Divide using synthetic division $$ ( 7x^{3}-5x^{2}-21x+15 ) \div ( x+3 ) $$
Answer
The synthetic division table is:
$$ \begin{array}{c|rrrr}-3&7&-5&-21&15\\& & -21& 78& \color{black}{-171} \\ \hline &\color{blue}{7}&\color{blue}{-26}&\color{blue}{57}&\color{orangered}{-156} \end{array} $$The solution is:
$$ \frac{ 7x^{3}-5x^{2}-21x+15 }{ x+3 } = \color{blue}{7x^{2}-26x+57} \color{red}{~-~} \frac{ \color{red}{ 156 } }{ x+3 } $$Explanation
Step 1 : Write down the coefficients of the dividend into division table.

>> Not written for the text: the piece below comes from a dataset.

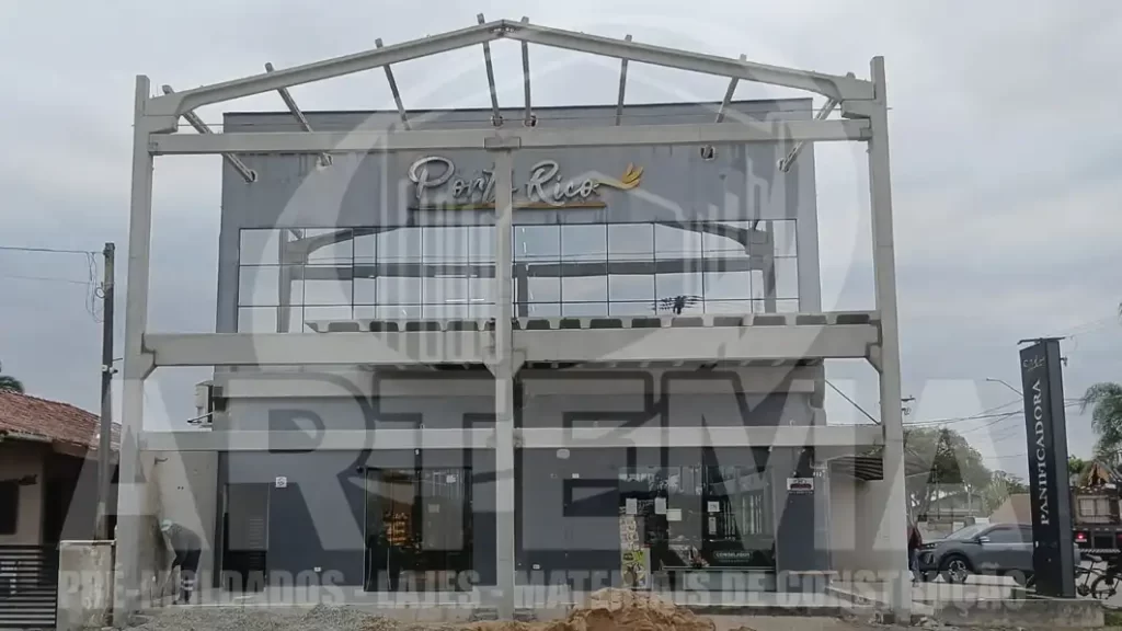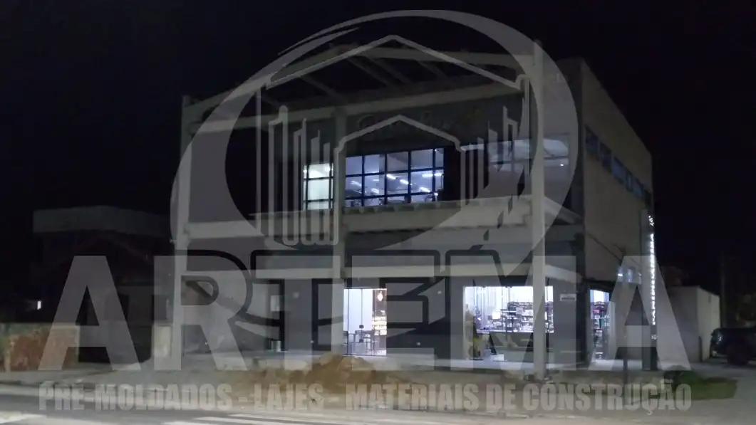Expansão de pré-moldado já existente com medidas 12 metros de frente por 5 metros de comprimento, possui laje mezanino.

Put the zero from $ x + 3 = 0 $ ( $ x = \color{blue}{ -3 } $ ) at the left.
$$ \begin{array}{c|rrrr}\color{blue}{-3}&7&-5&-21&15\\& & & & \\ \hline &&&& \end{array} $$Step 1 : Bring down the leading coefficient to the bottom row.

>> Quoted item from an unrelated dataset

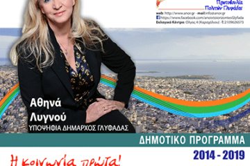 πραγματοποιεί μεγάλη προεκλογική συγκέντρωση την Παρασκευή 9 Μαίου 2014 και ώρα 8.00 μ.μ. στη Πλατεία Β. Κατράκη (κεντρική πλατεία Γλυφάδας).

$$ \begin{array}{c|rrrr}-3&\color{orangered}{ 7 }&-5&-21&15\\& & & & \\ \hline &\color{orangered}{7}&&& \end{array} $$Step 2 : Multiply by the number on the left, and carry the result into the next column: $ \color{blue}{ -3 } \cdot \color{blue}{ 7 } = \color{blue}{ -21 } $.

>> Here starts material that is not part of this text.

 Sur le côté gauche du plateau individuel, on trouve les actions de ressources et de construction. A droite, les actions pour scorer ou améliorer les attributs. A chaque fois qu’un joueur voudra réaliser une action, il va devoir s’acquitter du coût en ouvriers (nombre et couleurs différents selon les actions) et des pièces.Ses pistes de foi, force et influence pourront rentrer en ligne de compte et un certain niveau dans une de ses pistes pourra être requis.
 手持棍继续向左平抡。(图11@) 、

$$ \begin{array}{c|rrrr}\color{blue}{-3}&7&-5&-21&15\\& & \color{blue}{-21} & & \\ \hline &\color{blue}{7}&&& \end{array} $$Step 3 : Add down last column: $ \color{orangered}{ -5 } + \color{orangered}{ \left( -21 \right) } = \color{orangered}{ -26 } $
$$ \begin{array}{c|rrrr}-3&7&\color{orangered}{ -5 }&-21&15\\& & \color{orangered}{-21} & & \\ \hline &7&\color{orangered}{-26}&& \end{array} $$Step 4 : Multiply by the number on the left, and carry the result into the next column: $ \color{blue}{ -3 } \cdot \color{blue}{ \left( -26 \right) } = \color{blue}{ 78 } $.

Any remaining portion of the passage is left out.